Kuroko menarik kursinya mendekati Mayuzumi yang sejak awal tempat duduknya emang deket jendela. Senyumnya terkembang beberapa sambil menoleh ke arah kembaran beda orang tua miliknya.

"Untung bisa hilang, ya."

"Hn."

Mayuzumi mengalihkan pandangannya dari doujin yang ia baca, memilih fokus memperhatikan pemandangan di lapangan; Akashi lagi ngejer seluruh murid-muridnya sambil ngacungin gunting rumput tinggi-tinggi.

"Seenggaknya bapak udah nggak galau lagi."

"Bener. Dia nyeremin kalau lagi sensi."

Dan kedua makhluk lampu kedap-kedip itu asyik ngobrol buat ngabisin waktu sampai jam sekolah berakhir, sama sekali nggak ngedenger (atau pura-pura tuli) suara teriakan di dalam bungkus kado raksasa di pojok ruangan.
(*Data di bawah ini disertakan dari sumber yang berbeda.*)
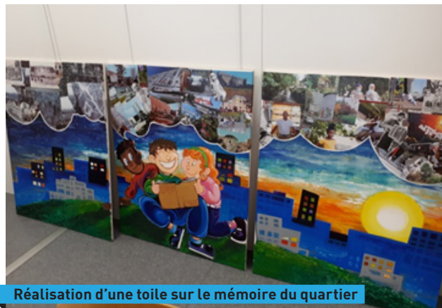
Réalisation d'une toile sur le mémoire du quartier
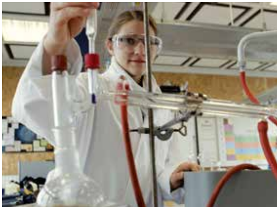
Die Fachräume der Naturwissenschaften gleichen Laboren mit moderner Technik mit interaktiven Tafeln.
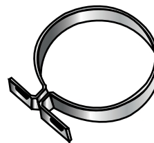
Abrazadera para montaje con tornillos 1/4" x 1 1/4"
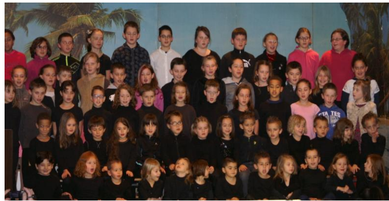
Spectacle de Noël.
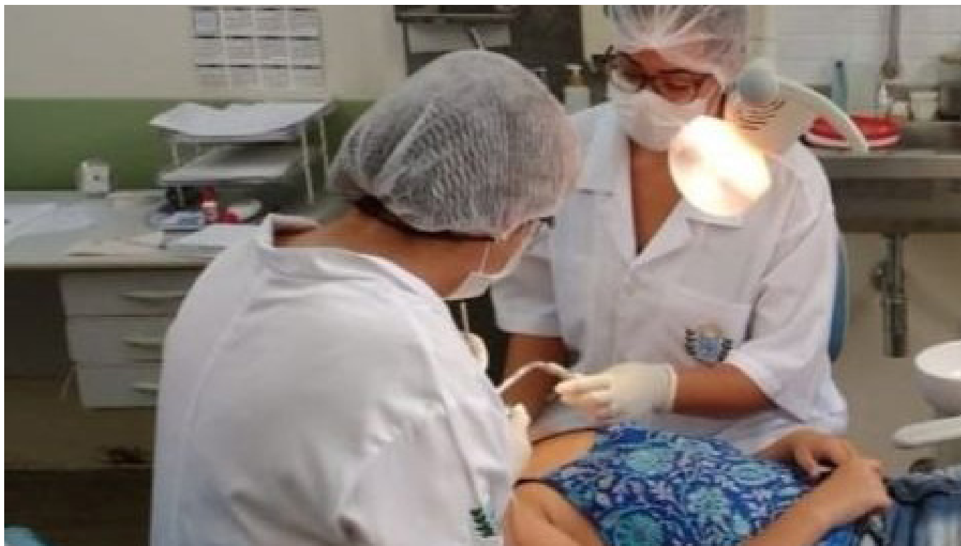
Ações são alusivas ao Dia Mundial de Combate ao Câncer Bucal e ao Fumo (31 de maio)

Na próxima terça-feira (29), a Secretaria de Saúde de Cachoeiro de Itapemirim (Semus) estará na praça Jerônimo Monteiro, na região central da cidade, para conscientizar a população sobre o câncer de boca e a importância de sua prevenção. As atividades são alusivas ao Dia Mundial de Combate ao Câncer Bucal e ao Fumo (31 de maio).
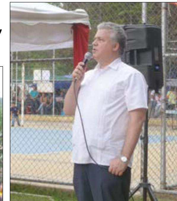
Embajador del Ecuador, Leonardo Arizaga

tando a nuestro país, a nuestro país fuera del territorio. Esto tiene más emoción, porque estamos
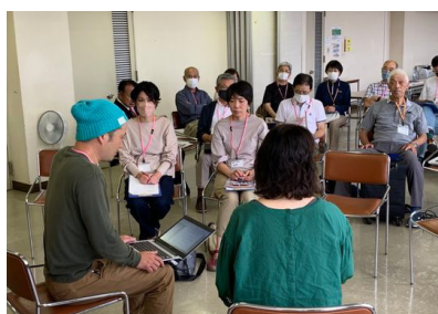
27名が参加した市民活動団体交流会

令和5年度、みんなで地域づくりセンターでは「新しい人、団体との出会いを増やすこと」、また「既存の団体の連携・協働」をキーワードに、より充実した活動ができるようお手伝いするため、年間を通してセミナーを開催しています。
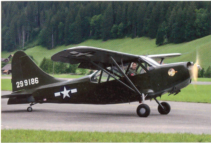
Veteran aus den USA: Stinson L-5.
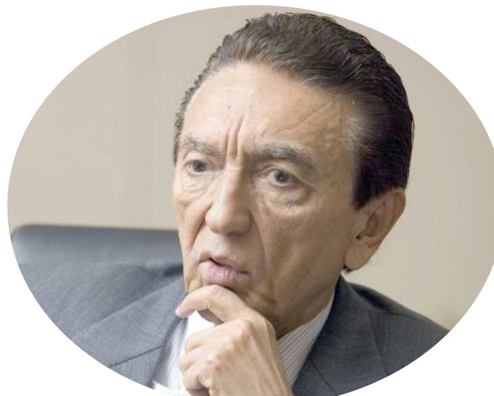
Senador Edison Lobão não deve ser julgado no STF

No início de julho, Zavaski já tinha negado o pedido da defesa de Eduardo Cunha em quebrar o sigilo telefônico de Lobão durante as investigações da Lava-Jato. Para Teori, não havia elementos que justifiquem a quebra de dados de Lobão. “Não se verifica situação de imprescindibilidade do afastamento de sigilo de terceiro, senador da República, que não é investigado nesta ação penal, para “desconstruir possíveis conjecturas” (fl. 3.037v.) sobre suposta ligação telefônica narrada em depoimento em colaboração premiada, que, por sua vez, não é determinante para comprovar os fatos narrados na denúncia”, disse o ministro.
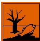
N - Pericoloso per l'ambiente

Frasi R : R20/22 - Nocivo per inalazione e ingestione. R36/37 - Irritante per gli occhi e le vie respiratorie. R48/20/22 - Nocivo: pericolo di gravi danni alla salute in caso di esposizione prolungata per inalazione e ingestione. R50/53 - Altamente tossico per gli organismi acquatici, può provocare a lungo termine effetti negativi per l'ambiente acquatico. Frasi-S : S2 - Conservare fuori della portata dei bambini. S13 - Conservare lontano da alimenti o mangimi e da bevande. S20/21 - Non mangiare, né bere, né fumare durante l'impiego. S29 - Non gettare i residui nelle fognature. S36/37/39 - Usare indumenti protettivi e guanti adatti e proteggersi gli occhi/la faccia. S46 - In caso d'ingestione consultare immediatamente il medico e mostrargli il contenitore o l'etichetta. S60 - Questo materiale e il suo contenitore devono essere smaltiti come rifiuti pericolosi. S61 - Non disperdere nell'ambiente. Riferirsi alle istruzioni speciali/schede informative in materia di sicurezza.
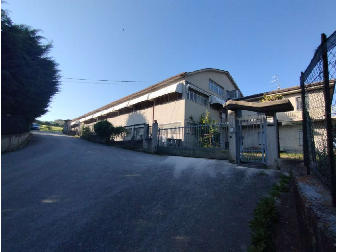
Foto n° 2 - Prospetti Nord e Ovest porzione Sub 15 “B.C.N.C. Corte”
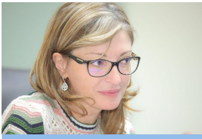
Екатерина Захаријева, заместник министър-председател по правосъдната реформа и министър на външните работи на Република България
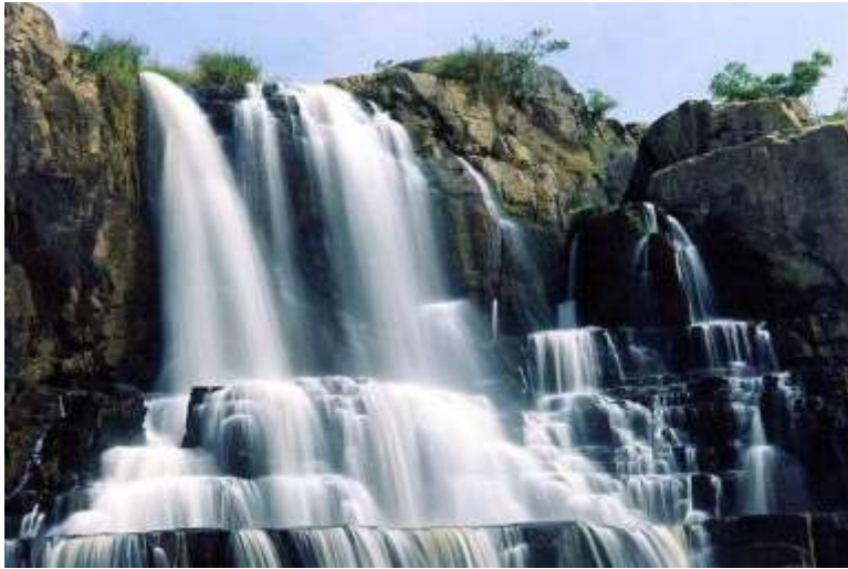
Tháp Cam Ly – Đà Lạt.
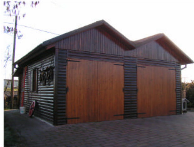
5. Edificio 3. Fronte nord
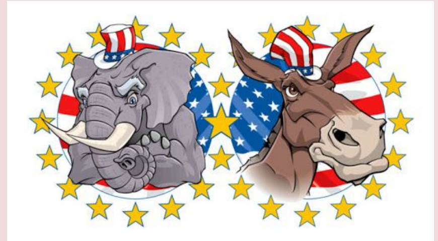
Символы Республиканской и Демократической партий США
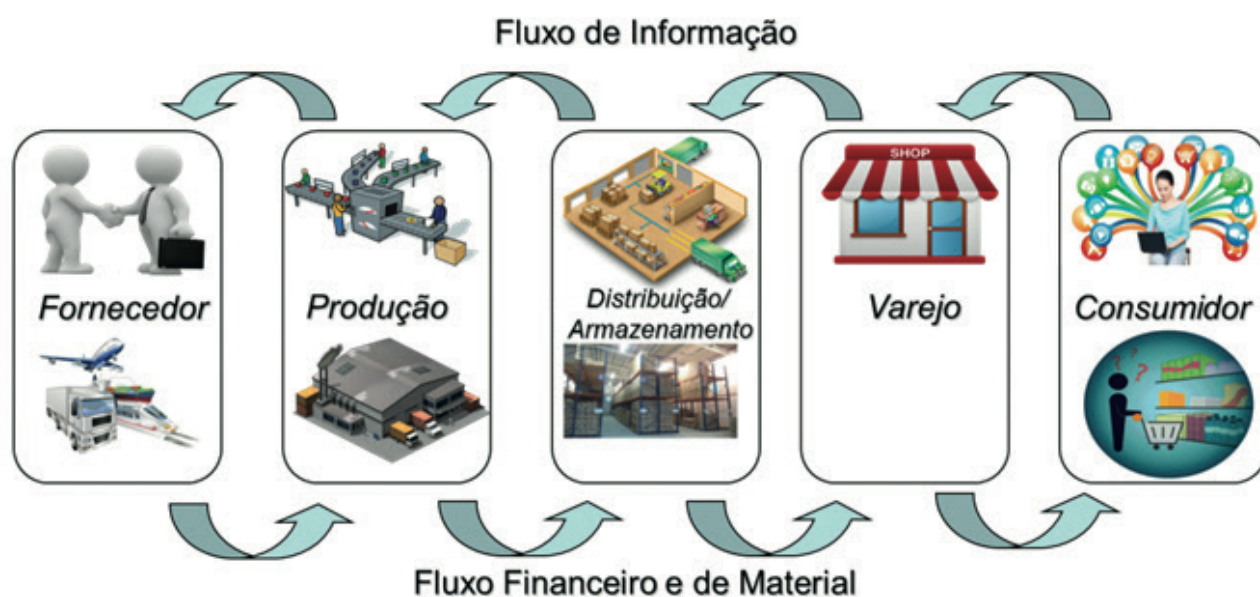
Cadeia de Suprimento Atribuída ao Tema

A prática foi da turma do 2º Período de Processos Gerenciais, que teve como meta construir toda a exposição. No entanto, para melhor divisão do trabalho, a cadeia de suprimentos, que está demonstrada na figura 01, teve seus grupos divididos em três equipes, contemplando no máximo 9 (nove) alunos em cada um.

Lima menit kemudian, Furihata pingsan kehabisan pasokan oksigen.

.

.

.

Untuk beberapa saat, Akashi bisa melupakan sosok Alexandra dalam hidupnya. Ia menemukan sesuatu yang lebih berharga dari cinta tak terbalas itu, yaitu seluruh murid didiknya selama tujuh tahun yang ternyata sangat, sangat menyayanginya. Akashi tidak menyesal menjadi seorang guru.

.

.

.

おわり

(A/N: Karena saya sangat mencintai Aa Kashi, maka saya menistakan dia di sini tanpa ragu lagi. Muahuahuahua! Nggak tahu ini efek stres atau bosan, yang jelas saya puas sekarang.